Male activity (trail-following and mounting) were recorded and analysed from the video using computerised motion analysis (CellTrak for Windows, Motion Analysis Corp.). Male movements were defined as trail-following when following a female trail for more than 3 snail diameters. All other paths (including those along the edges of the arena) were excluded from the analyses. It was not possible to detect copulations with any certainty from the films due to inadequate resolution. Instead we used “mounting-time” as a proxy for the male’s time-investment in the female. Mounting time can include copulations although not all mountings lead to copulation. Mounting time was defined as the time the male stayed on a female shell after crawling up on her shell. Hence from each run we received the total distance male trackers followed female trails from the three different groups of females, as well as the total mounting time for each group of females. We pooled the results from all six males of the same run. The reason for doing this was that each trail following could not be considered as a replicate since the action of one snail could potentially affect the other snails in the same arena and hence the level of replication in our experiments was a run. We compared the result between two female groups at a time using a two-tailed binomial test.
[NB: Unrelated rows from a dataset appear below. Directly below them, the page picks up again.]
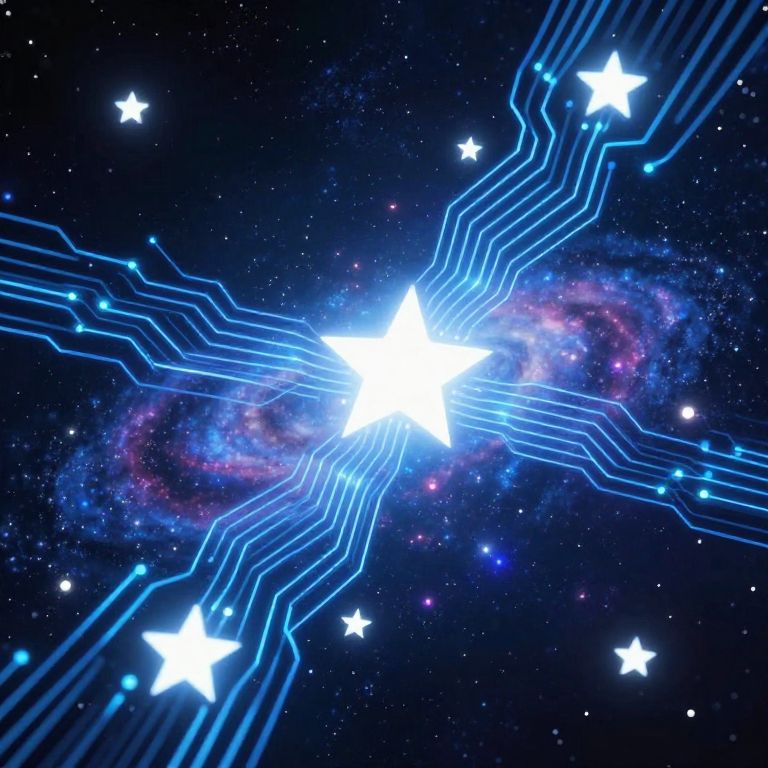 Digital artwork depicting a bright white star at the center, surrounded by glowing blue circuit lines radiating outward. The background is a deep, starry night sky with scattered stars and a nebula-like cloud of purple, pink, and blue hues. Additional white stars are positioned at various points along the circuit lines. The image has a futuristic, cybernetic aesthetic, blending elements of space and technology. The overall effect is dynamic and luminous, with a strong contrast between the bright white and blue elements and the dark, starry backdrop.
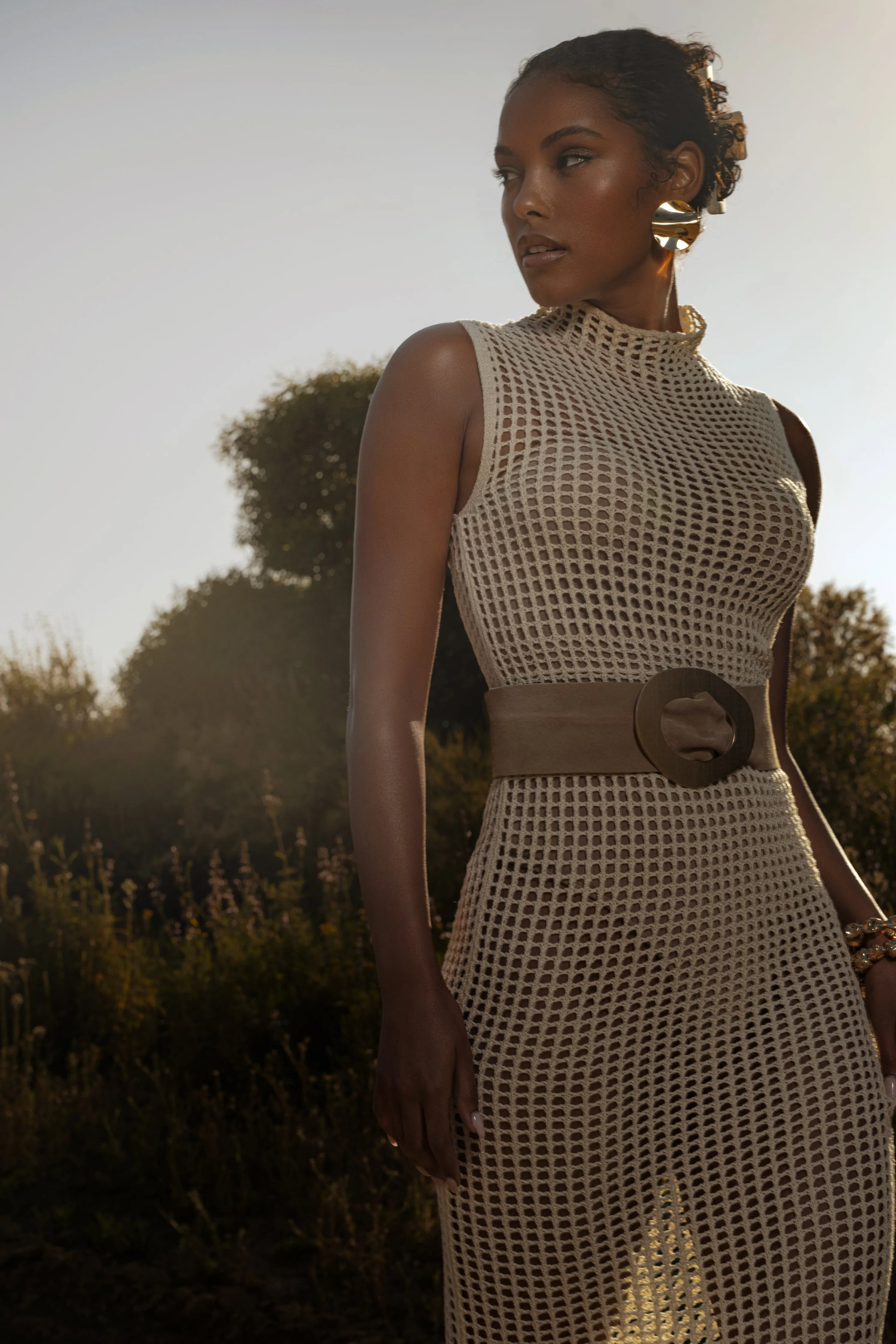 Introducing our Ivory Pacific Tides Crochet Maxi Dress, perfect for the summer season. This airy midi dress features a fitted silhouette with a mock neckline and sleeveless design. Pair with our Sascha Strapless Bodysuit and Capsule Belt for the full look. Medium stretch. Single lined.
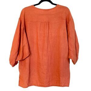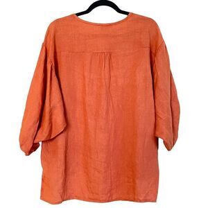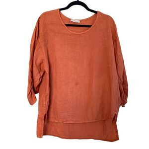 Bella Urbia Made In Italy 100% Linen Orange Oversized Tunic Blouse Sz M
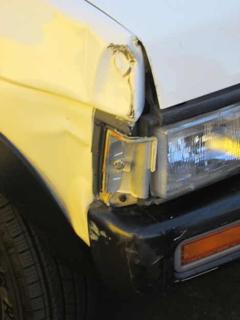 Damaged were to my front bumper, right headlight, a gash on the panel to the right of the engine, and my right rear-view mirror, which hangs on two thin wires.

Including three groups of females in the experiment even though we only compared two groups at a time was done to provide the males with a free choice of different females, similar to what males would encounter in nature. The null-hypothesis prior to the experiment was that males would not have any preference for any group of female (large L. fabalis, small L. fabalis or L. obtusata). Since we had prior observations that L. fabalis males readily

aggregated with L. obtusata females we wanted to keep the options for any preference open in this experiment by using a two-tailed test.
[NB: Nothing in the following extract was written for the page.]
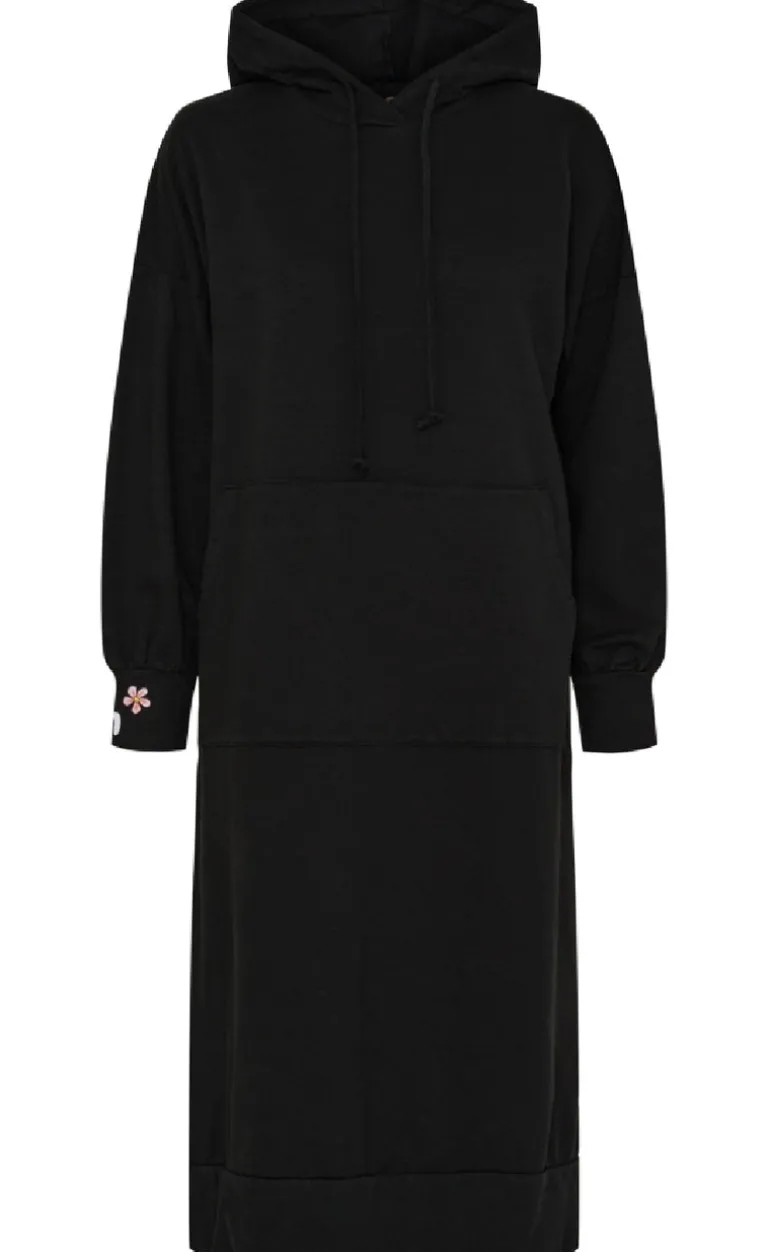 Afslappet kjole fra Marta Du Chateau i sort, med et flot motiv på ryggen.

Copulation time observations

Size preference

As in nature the first experiment involved both female size and species as factors influencing male mate choice. As a complement, we performed additional experiments in which we treated one factor at a time. Thus in one experiment we tested whether male Littorina fabalis showed any size preference of conspecific females. In this experiment we measured

“copulating time”, which is a more direct estimate of mating effort than “mounting time”

used in the previous experiment. To be able to estimate copulation time we conducted direct observations of snail matings instead of using film recordings.
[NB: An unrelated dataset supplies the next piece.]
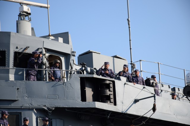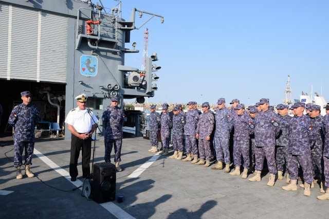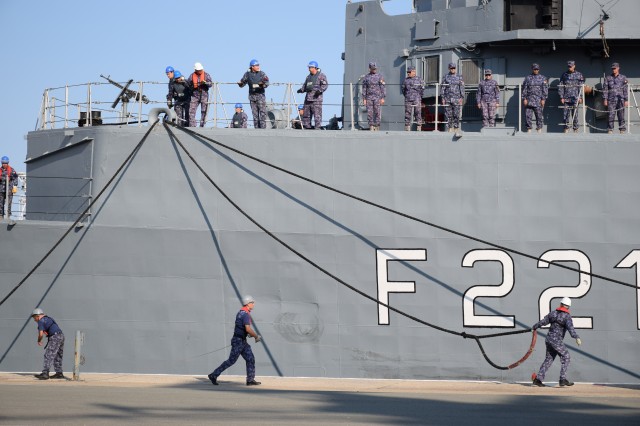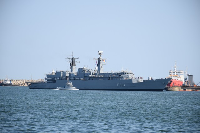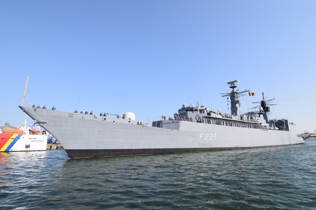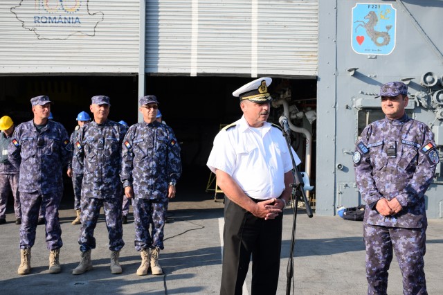 Prezent la sosirea navei, contraamiralul de flotilă Daniel Căpăţînă, comandantul Flotei, a mulţumit echipajului fregatei pentru eforturile depuse în timpul misiunii, a felicitat personalul Grupului de Elicoptere ambarcat la bordul fregatei pentru Ziua Aviaţiei sărbătorită sâmbătă, 20 iulie, şi le-a urat tuturor mult succes în misiunile viitoare.

Prior to the experiments snails of L. fabalis were sampled, sized and sorted as described earlier. Twenty runs were performed, each including ten male and ten female L. fabalis (five large and five small, same size classes as before). All snails within a run were from the same locality. Prior to the runs the males were individually marked with nail polish so that it would be possible to follow each male. During a run, females and males were able to move freely in a circular arena (Ø 23 cm) filled with seawater. During the runs the sexual activity between males and females and the size of the female in action was noted as well as the time the pairs spent in copula position (Saur 1990). The runs lasted for one hour, but copulating pairs active when the hour had passed were followed until the male terminated the copulation. If a snail crawled out of the container it was picked up and put back in the centre of the arena. Between each run the arena was cleaned to eliminate contamination by pheromones and mucus trails.

From each run we received a total copulating time for males copulating with large females and a total copulating time for males copulating with small females. Hence the level of replication in this experiment was a run and we used a two-tailed binomial test to address the hypothesis that males would prefer to mate a female of a specific size (large or small) for longer time than the other group.

Species preference:

The second of the complementary experiments was designed to test whether L. fabalis males would prefer to mate females of their own species rather than females of L. obtusata. We also studied male L. obtusata mate choice.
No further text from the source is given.